[Data excerpts]
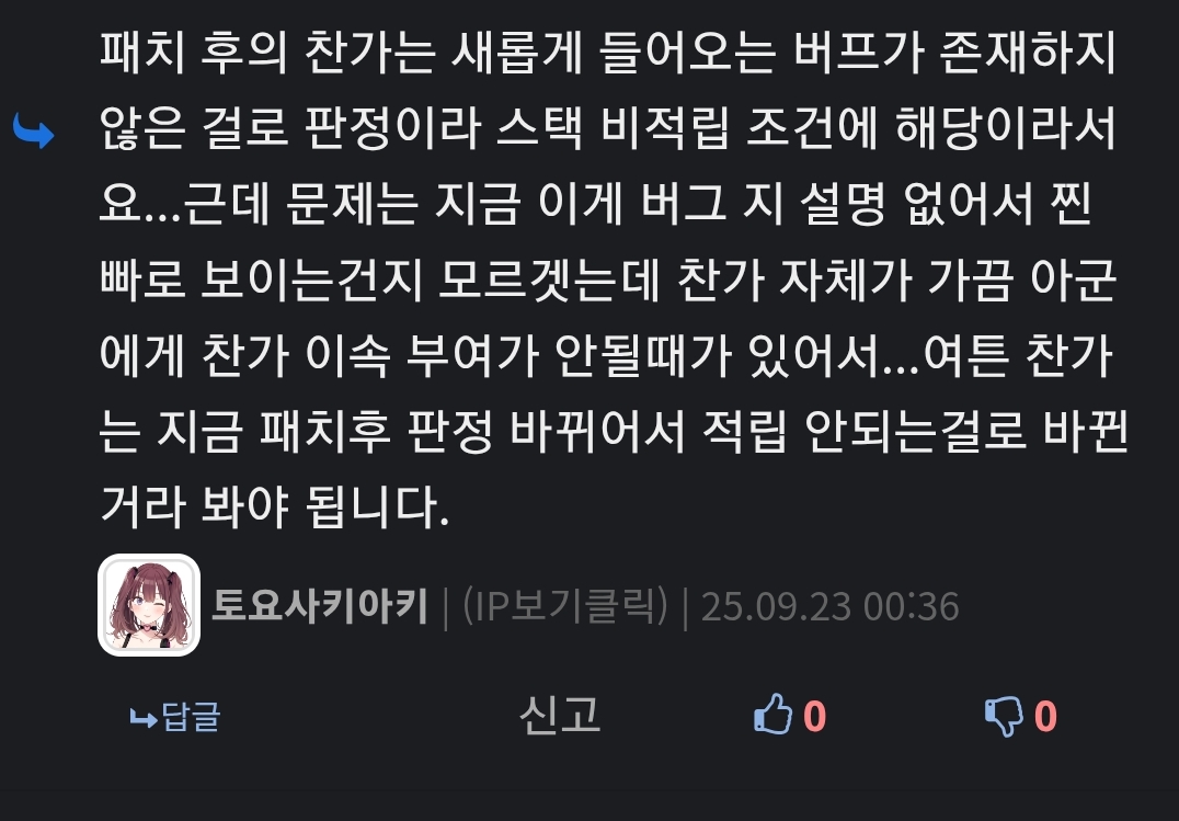 여튼 찬가 판정이 바뀌어서 찬가는 후원가 스택 쌓기 조건 비해당으로 바뀐걸로 압니다... | 25.09.23 00:39 | | |
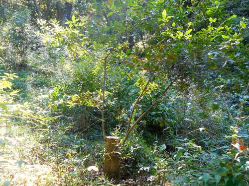 今年1〜2月に伐採したクヌギ・コナラ・イヌザクラ等の萌芽は5月、無数のアブラムシに覆われていましたが、何とか駆除できて、萌芽枝を伸ばしていました。 今回の一番の目的は、伐り株の周囲のアズマネザサを刈り、混みあった萌芽枝を整理することでしたが、何とか、やり終えました。
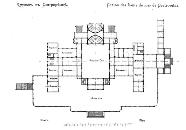 В левом флигеле курзала находились библиотека, бильярдные и карточные комнаты, гостиные для отдыха и тихих игр. Перед курзалом, со стороны залива, была устроена терраса с парадной лестницей, выложенной серым гранитом, спускавшейся на пляж.
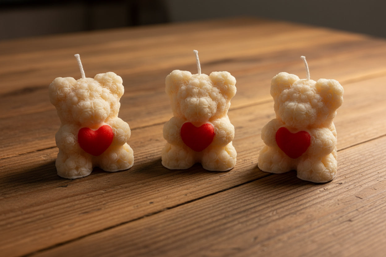 Prikupna sojina svečka v obliki medvedka je del posebne valentinove kolekcije, ustvarjene za trenutke ljubezni, topline in pozornosti. Izdelana je iz 100 % naravnega sojinega voska, ki gori čisto, počasneje in brez škodljivih snovi.
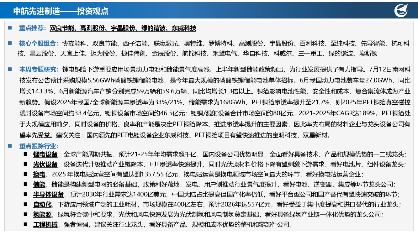 中航证券:先进制造行业周报:受益下游新能源车和储能高景气,PET铜箔产业蓄势待发.pdf
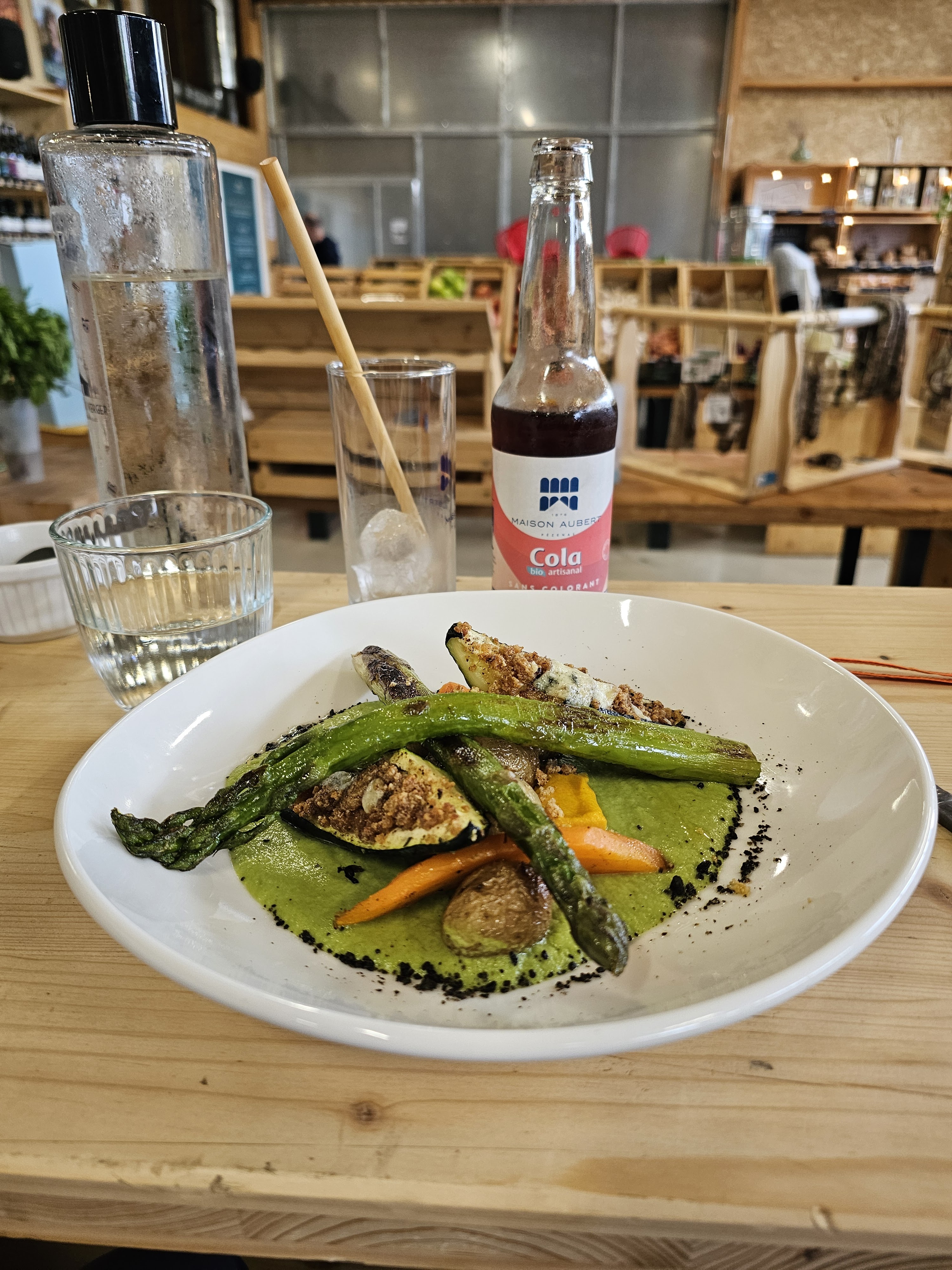 J'ai récemment visité ce nouvel établissement, et j'ai été impressionné par la magnifique bâtisse en bois, ainsi que par le coin épicerie bio et la variété de boissons proposées. Cependant, mon expérience a été ternie par le comportement distant et froid de la serveuse. L'offre de tapas est actuellement limitée à une planche de fromage ou de charcuterie, ce qui pourrait être enrichi pour offrir plus de choix aux clients. Un autre point négatif est que nous avons été envahis par les guêpes, qui se posaient sur nos boissons et notre nourriture, ce qui a rendu notre expérience encore moins agréable. J'espère que lors de ma prochaine visite, l'amabilité du personnel sera au rendez-vous, car cela pourrait améliorer considérablement l'expérience globale dans ce bel établissement.
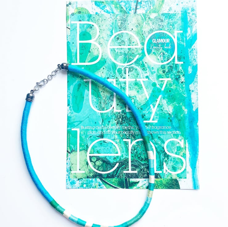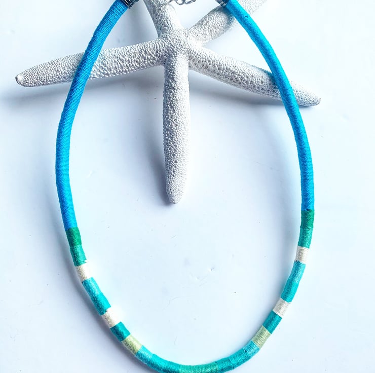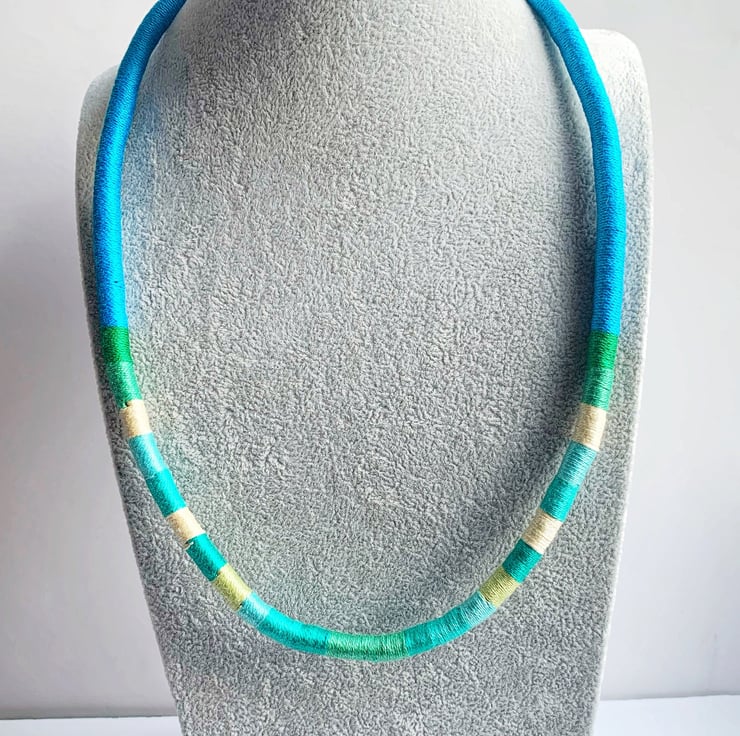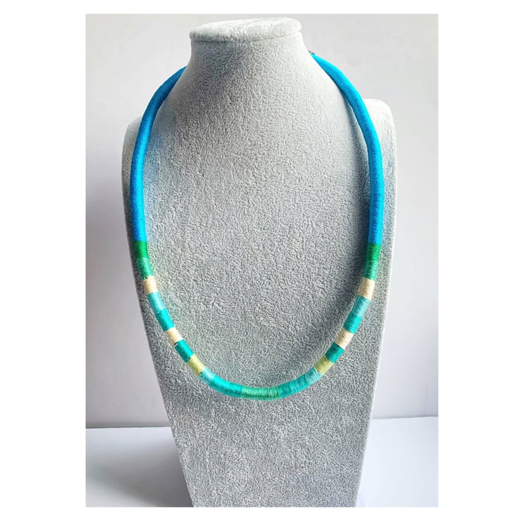 Statement Sea Green rope necklace, Wrapped Cotton Necklace, Cotton Cord gift ide
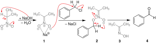 The reaction process begins with the deprotonation of 2-nitropropane at the α carbon to form a nitronate. This compound then initiates an SN2 reaction to displace the benzyl halide. Unlike in the nitroaldol reaction, where the deprotonated carbon of the nitroalkyl group is the nucleophilic atom, it is instead an oxygen of the nitro itself that attacks the benzylic carbon.[4] The O-benzyl structure then undergoes a pericyclic reaction to produce a benzaldehyde, with dimethyloxime as a byproduct.
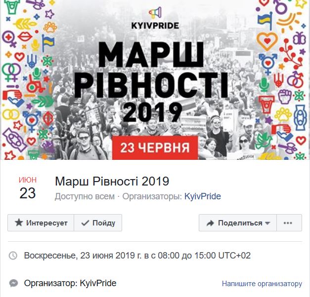 "23 июня, в воскресенье, в Киеве состоится Марш равенства (Киевпрайд 2019", - говорится в сообщении на странице Киевпрайд в Facebook.
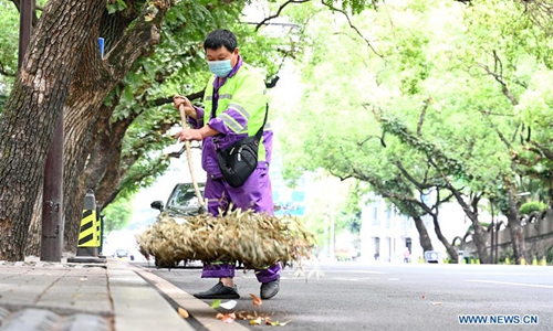 A sanitation worker cleans up a street in Fuzhou, southeast China's Fujian Province, May 1, 2020. People from various sectors stick to their posts during the International Labor Day holiday. (Xinhua/Lin Shanchuan)
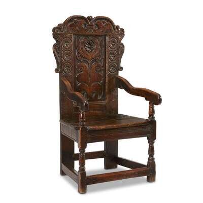 With shaped crestrail above straight paneled backrest carved with rosettes, volutes, and foliate scrolls, issuing two gently scrolling armrests; the paneled seat chip-carved to sides and raised on turned front legs and rear panel legs united by stretchers.
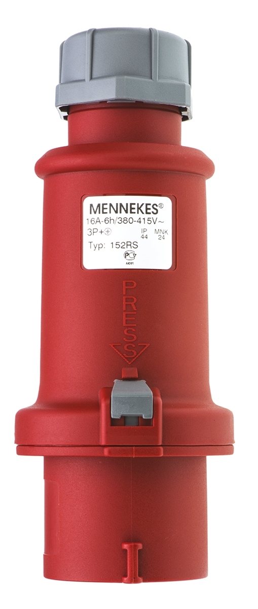 This is ProTOP Series IP44 Red Cable Mount 4P Industrial Power Plug Rated At 16A 400 V manufactured by Mennekes. The manufacturer part number is 152A. The product has a current rating of 16a. The product is available in cable mount configuration. In addition, male is the available "Gender" of the product. Moreover, the product has a nominal 400 v voltage rating. Whereas, the minimum operating temperature of the product is -25. The product protop, is a highly preferred choice for users. It has a maximum operating temperature of +55°c.

* The task:
Include the first line of the records, the line containing "Statement Sea Green", and every line between them, repeated exactly. Skip the pictures.

* Exercise solution:
 여튼 찬가 판정이 바뀌어서 찬가는 후원가 스택 쌓기 조건 비해당으로 바뀐걸로 압니다... | 25.09.23 00:39 | | |
 今年1〜2月に伐採したクヌギ・コナラ・イヌザクラ等の萌芽は5月、無数のアブラムシに覆われていましたが、何とか駆除できて、萌芽枝を伸ばしていました。 今回の一番の目的は、伐り株の周囲のアズマネザサを刈り、混みあった萌芽枝を整理することでしたが、何とか、やり終えました。
 В левом флигеле курзала находились библиотека, бильярдные и карточные комнаты, гостиные для отдыха и тихих игр. Перед курзалом, со стороны залива, была устроена терраса с парадной лестницей, выложенной серым гранитом, спускавшейся на пляж.
 Prikupna sojina svečka v obliki medvedka je del posebne valentinove kolekcije, ustvarjene za trenutke ljubezni, topline in pozornosti. Izdelana je iz 100 % naravnega sojinega voska, ki gori čisto, počasneje in brez škodljivih snovi.
 中航证券:先进制造行业周报:受益下游新能源车和储能高景气,PET铜箔产业蓄势待发.pdf
 J'ai récemment visité ce nouvel établissement, et j'ai été impressionné par la magnifique bâtisse en bois, ainsi que par le coin épicerie bio et la variété de boissons proposées. Cependant, mon expérience a été ternie par le comportement distant et froid de la serveuse. L'offre de tapas est actuellement limitée à une planche de fromage ou de charcuterie, ce qui pourrait être enrichi pour offrir plus de choix aux clients. Un autre point négatif est que nous avons été envahis par les guêpes, qui se posaient sur nos boissons et notre nourriture, ce qui a rendu notre expérience encore moins agréable. J'espère que lors de ma prochaine visite, l'amabilité du personnel sera au rendez-vous, car cela pourrait améliorer considérablement l'expérience globale dans ce bel établissement.
 Statement Sea Green rope necklace, Wrapped Cotton Necklace, Cotton Cord gift ide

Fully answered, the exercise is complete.